Question about Quantifiers in java Regular expression

N

NeoGeoSNK

Hello,
I have learned Java Regular expression for a long time, but still
confused about Quantifiers:

import java.util.regex.*;
public class NRGRegex{
public static void main(String[] args){
Pattern p = Pattern.compile("a??");
String a = "aaa";
Matcher m = p.matcher(a);
while(m.find()){
System.out.println("found char = " + m.group() + " at " + m.start()
+ " and " + m.end()); }
}
}

the output result is:
found char = at 0 and 0
found char = at 1 and 1
found char = at 2 and 2
found char = at 3 and 3
here "a??" is Reluctant quantifiers but why all char 'a' not match
successful?

when I use greedy quantifiers Pattern p = Pattern.compile("a?");
the output result is:
found char = a at 0 and 1
found char = a at 1 and 2
found char = a at 2 and 3
found char = at 3 and 3

I think greedy quantifiers first eat whole string "aaa" at a time,
but why the emtry char at (0,0) (1,1) (2,2) can't match successful
compare with Reluctant quantifiers ?

Thanks!
 
J

Joshua Cranmer

NeoGeoSNK said:
Hello,
I have learned Java Regular expression for a long time, but still
confused about Quantifiers:

import java.util.regex.*;
public class NRGRegex{
public static void main(String[] args){
Pattern p = Pattern.compile("a??");
String a = "aaa";
Matcher m = p.matcher(a);
while(m.find()){
System.out.println("found char = " + m.group() + " at " + m.start()
+ " and " + m.end()); }
}
}

the output result is:
found char = at 0 and 0
found char = at 1 and 1
found char = at 2 and 2
found char = at 3 and 3
here "a??" is Reluctant quantifiers but why all char 'a' not match
successful?

The definition of "a?" means that either a is matched or it isn't.
Without a quantifier, it attempts to match a first and only omit the a
when it can't match. However, you specified the reluctant quantifier,
which makes the `?' operator attempt to not match first.

Psuedocode for "a?":
try to match `a' and then the rest of the regex
if match fails:
try to match nothing and rest of regex
return result of match
else:
return true

For "a??":
try to match nothing and then the rest of the regex
if match fails:
try to match `a' and rest of regex
return result of match
else:
return true

Since "a??" is the full regex, the first attempt (to match nothing) will
succeed at every point, and the fall back of matching `a' will never occur.
when I use greedy quantifiers Pattern p = Pattern.compile("a?");
the output result is:
found char = a at 0 and 1
found char = a at 1 and 2
found char = a at 2 and 3
found char = at 3 and 3

I think greedy quantifiers first eat whole string "aaa" at a time,
but why the emtry char at (0,0) (1,1) (2,2) can't match successful
compare with Reluctant quantifiers ?

Greedy means, essentially, to assume that a match will work and only
unmatch a character if it doesn't work. Reluctant quantifiers will
attempt to match the rest of the regex and only match more if it has to.

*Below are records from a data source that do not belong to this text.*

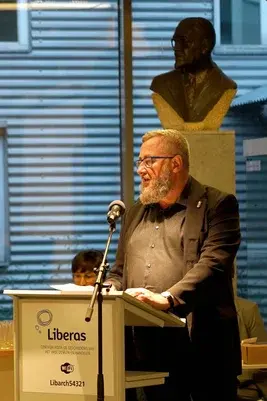 Op donderdag 26 september 2023 stelde Eric Bauwens De wiegjes van Lebensborn voor in Liberas, Gent. Rudy Vanschoonbeek van Uitgeverij Vrijdag verwelkomde het publiek en professor Dirk Rochtus gaf duiding bij de Lebensbornthematiek. Griet Pauwels, die we kennen van de Paarse Zetel, interviewde de auteur. Rosemarie Bergmans, bekend actrice en het laatst levende Belgische Lebensbornkind, legde een getuigenis af. Beloftevolle accordeonist Miró Pauwels zorgde voor muziek.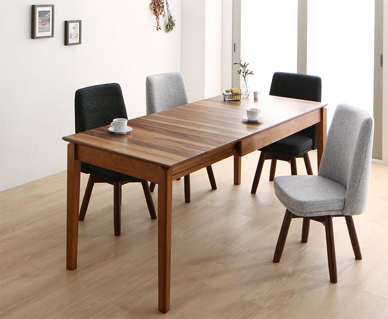 伸長式 ダイニングセット 5点セット(テーブル+チェア4脚) W120-180 ダイニングテーブル ダイニングチェア ダイニングベンチ 北欧 モダン 4人用 4P おしゃれ 伸縮式 回転椅子 回転チェア グレー ブラウン ウォールナット ファブリック 食卓セット アームレス |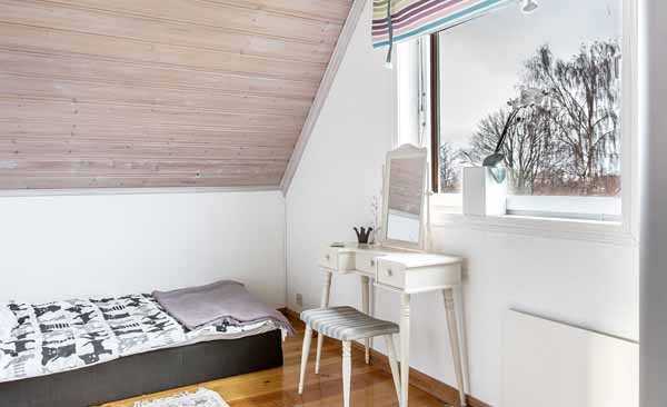 Циркуляция воздуха в спальне нарушается косой крышей. А спать в самом душном углу дома не понравиться никому. И встать в согнутом положении … это самый большой недостаток спальни на чердаке.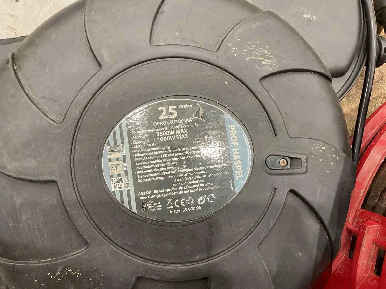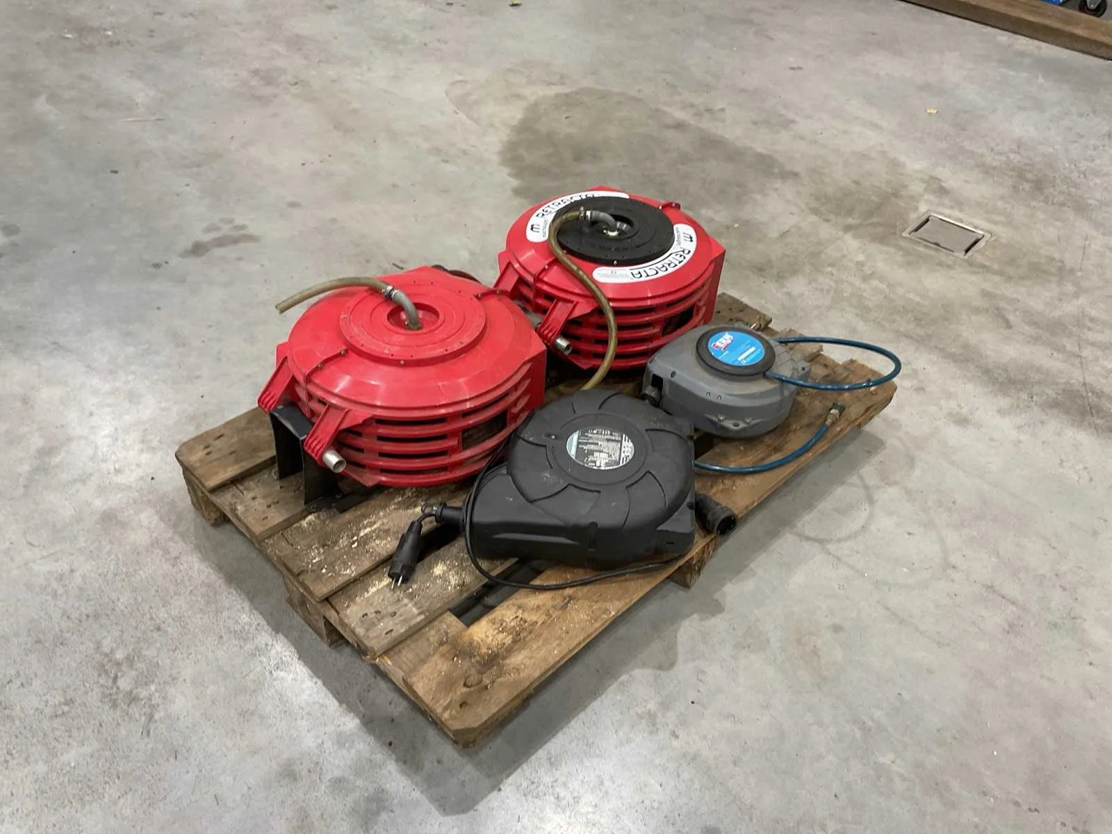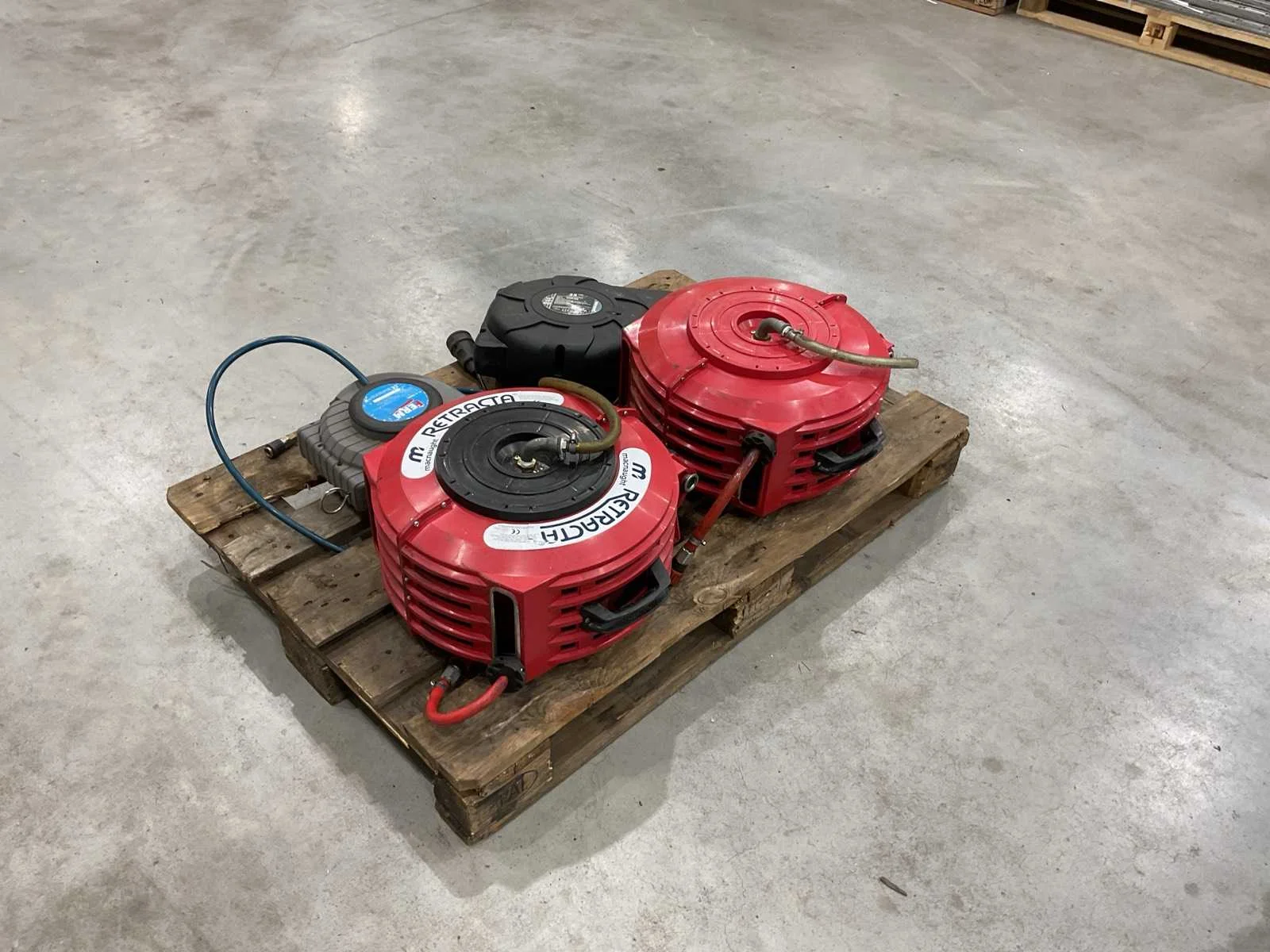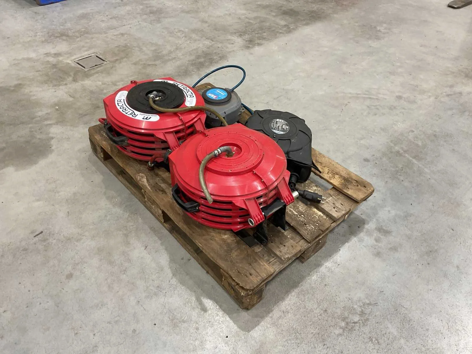 Voorzien van. 3x luchthaspel; 1x stroom 230v haspel Merk: Retracta Lengte: 120cm Breedte: 80cm Hoogte: 45cm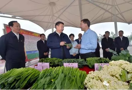 習(xí)近平參觀這里的冷涼蔬菜基地,向種植大戶了解蔬菜檢測標(biāo)準(zhǔn)、化肥使用情況、噴灌設(shè)施成本,關(guān)心村民的土地承包費(fèi)、務(wù)農(nóng)打工費(fèi)和入股分紅情況。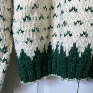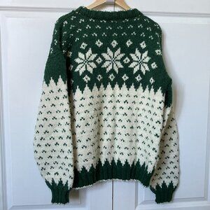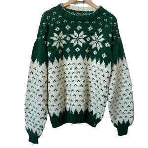 Vintage Handmade Fair Isle Nordic Sweater Pullover Green White Knit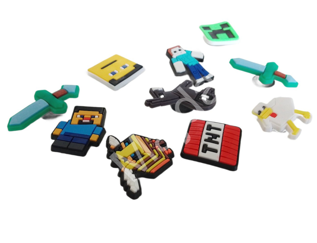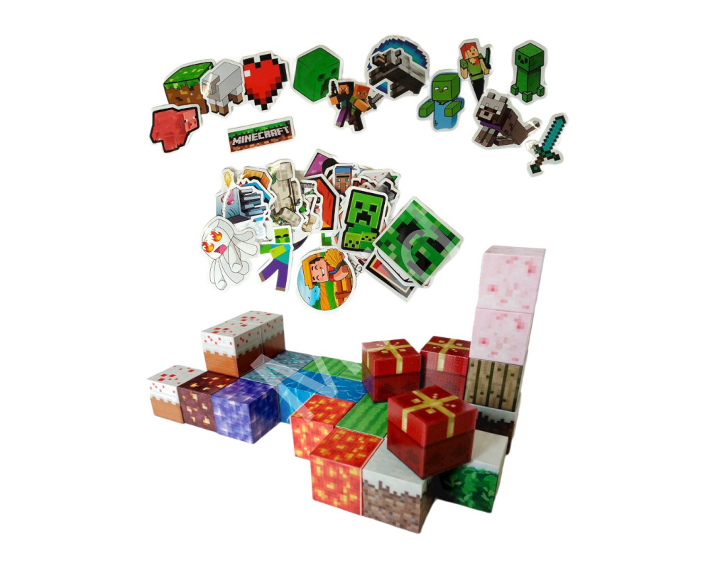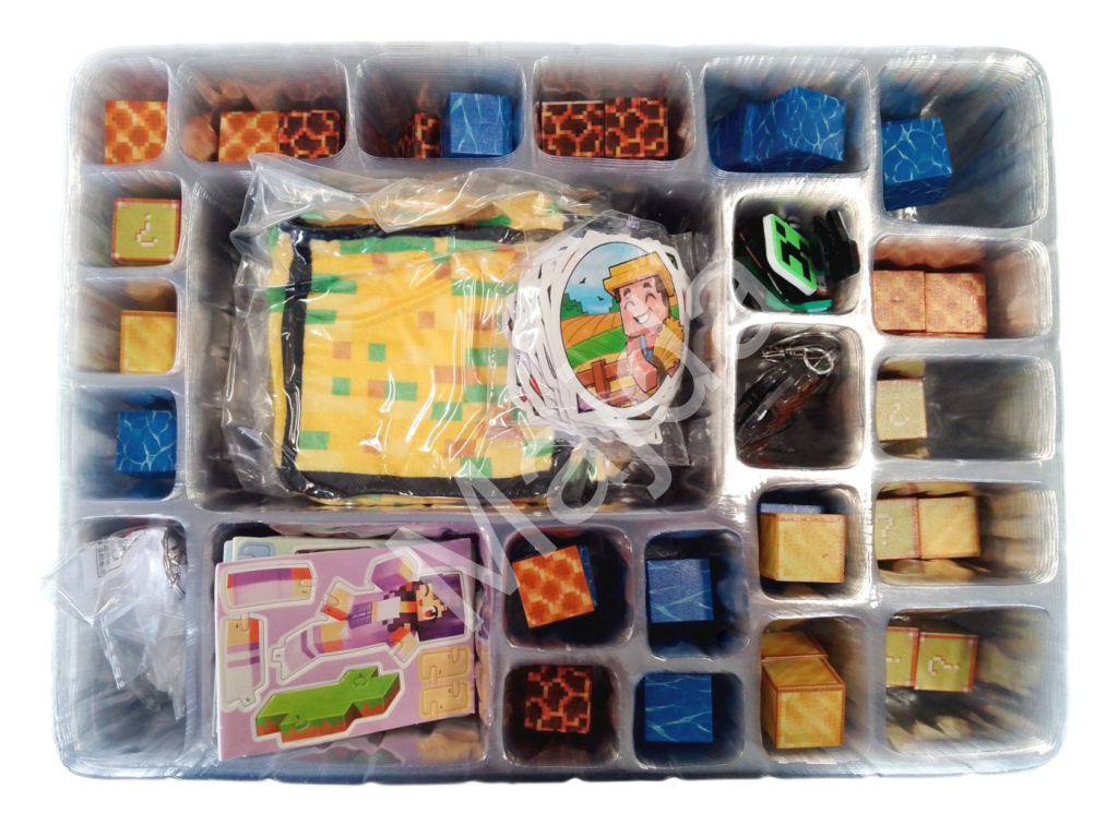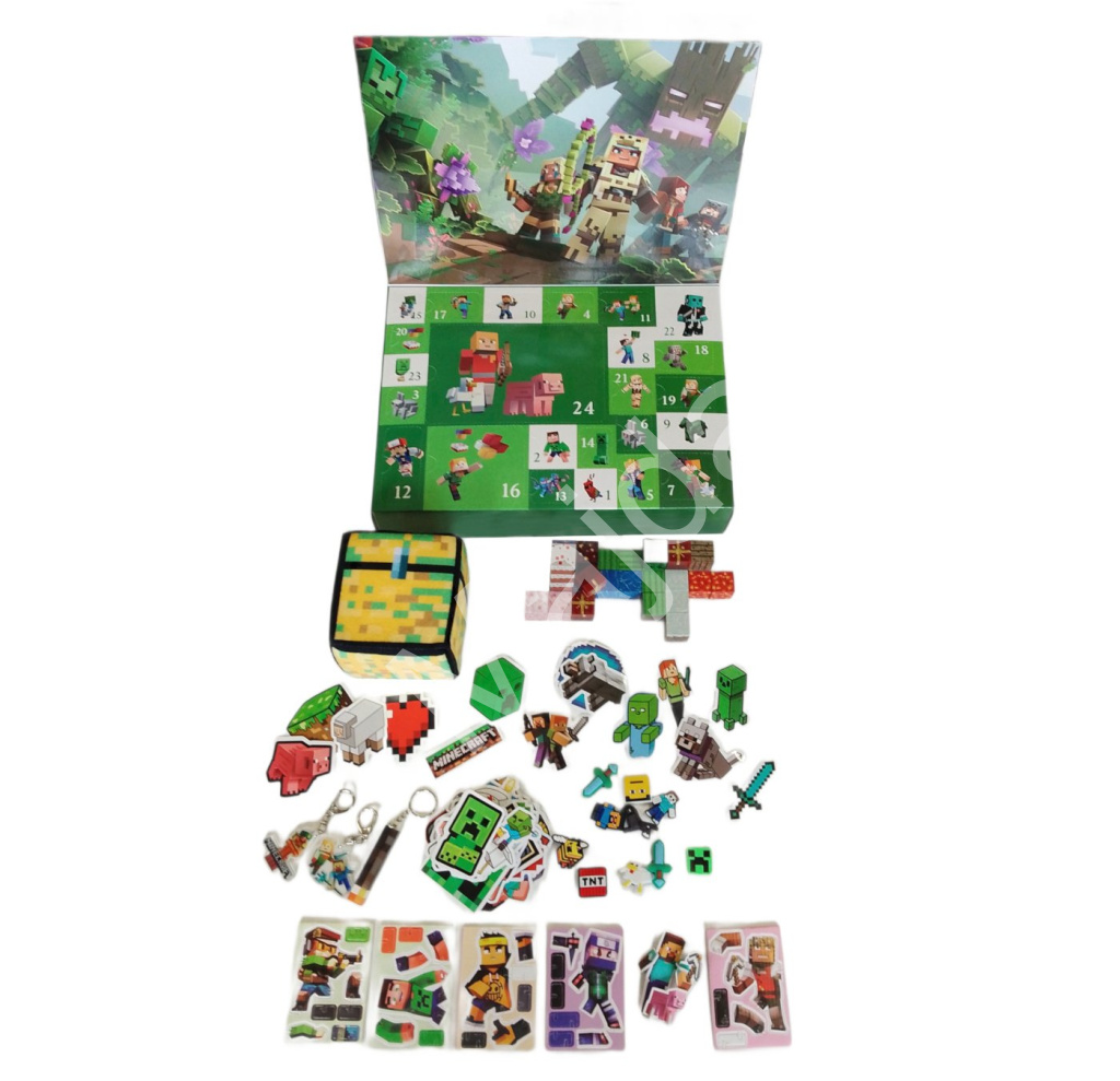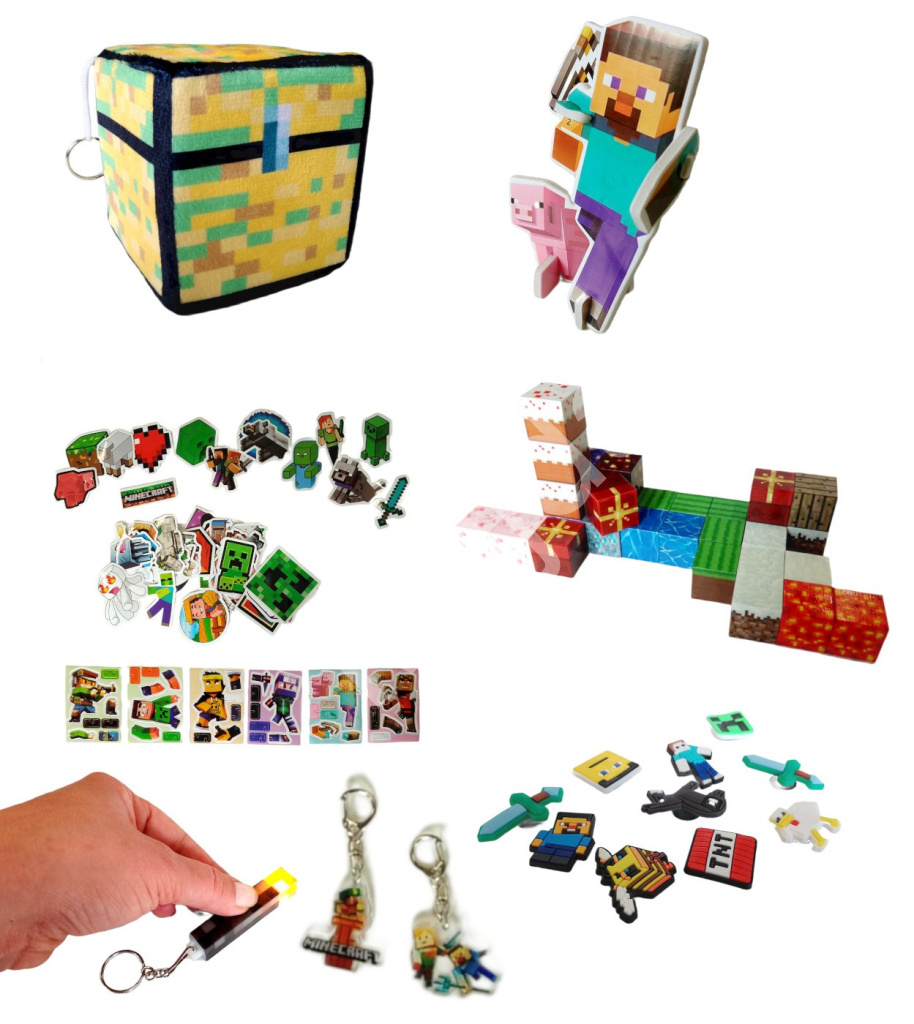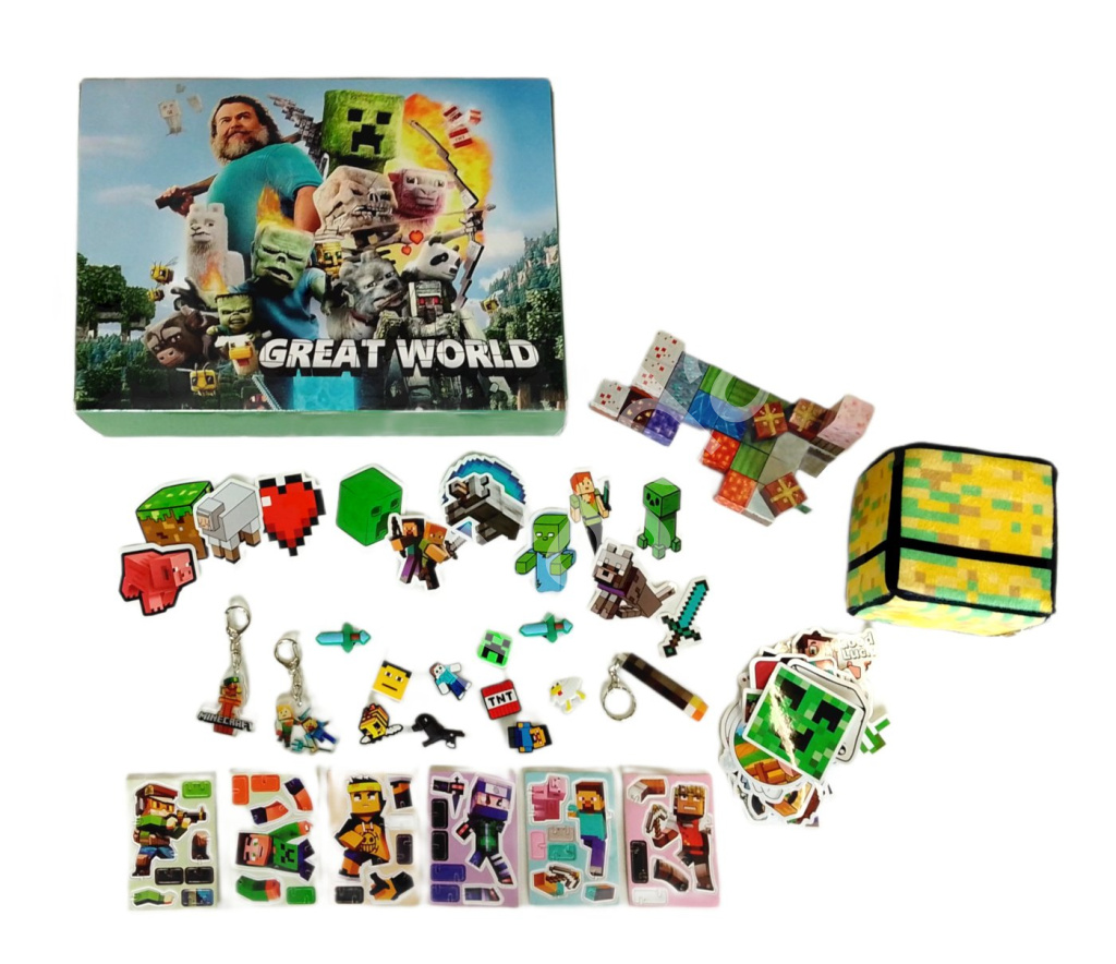 Uvnitř kalendáře najdete pestrý mix drobností – od magnetických stavebních kostek s herními texturami přes figurky, samolepky a gumové přívěsky až po tematické klíčenky a dekorace. Výraznou součástí je i měkká kostka s designem truhly, která slouží jako hrací prvek. Vše laděno v ikonickém Minecraft stylu.

A typical example is this:
Finding a closing parenthesis in an arithmetic expression (can't handle
nested):
"(1+4)*5-6/(1+9)": the obvious regex "\\(.*\\)" will match the entire
string, whereas "\\(.*?\\)" will match only "(1+4)".

If you want to match "aaa", the regex "a*" or "a+" will do so.

Finally, there is the possessive quantifier, which refuses to backtrack
on failed matches. I can imagine that there are times when this would be
helpful, but none that I can think of off the top of my head...
 
N

NeoGeoSNK

NeoGeoSNK said:
Hello,
I have learned Java Regular expression for a long time, but still
confused about Quantifiers:
import java.util.regex.*;
public class NRGRegex{
public static void main(String[] args){
Pattern p = Pattern.compile("a??");
String a = "aaa";
Matcher m = p.matcher(a);
while(m.find()){
System.out.println("found char = " + m.group() + " at " + m.start()
+ " and " + m.end()); }
}
}
the output result is:
found char = at 0 and 0
found char = at 1 and 1
found char = at 2 and 2
found char = at 3 and 3
here "a??" is Reluctant quantifiers but why all char 'a' not match
successful?

The definition of "a?" means that either a is matched or it isn't.
Without a quantifier, it attempts to match a first and only omit the a
when it can't match. However, you specified the reluctant quantifier,
which makes the `?' operator attempt to not match first.

Psuedocode for "a?":
try to match `a' and then the rest of the regex
if match fails:
try to match nothing and rest of regex
return result of match
else:
return true

For "a??":
try to match nothing and then the rest of the regex
if match fails:
try to match `a' and rest of regex
return result of match
else:
return true

Since "a??" is the full regex, the first attempt (to match nothing) will
succeed at every point, and the fall back of matching `a' will never occur.
when I use greedy quantifiers Pattern p = Pattern.compile("a?");
the output result is:
found char = a at 0 and 1
found char = a at 1 and 2
found char = a at 2 and 3
found char = at 3 and 3
I think greedy quantifiers first eat whole string "aaa" at a time,
but why the emtry char at (0,0) (1,1) (2,2) can't match successful
compare with Reluctant quantifiers ?

Greedy means, essentially, to assume that a match will work and only
unmatch a character if it doesn't work. Reluctant quantifiers will
attempt to match the rest of the regex and only match more if it has to.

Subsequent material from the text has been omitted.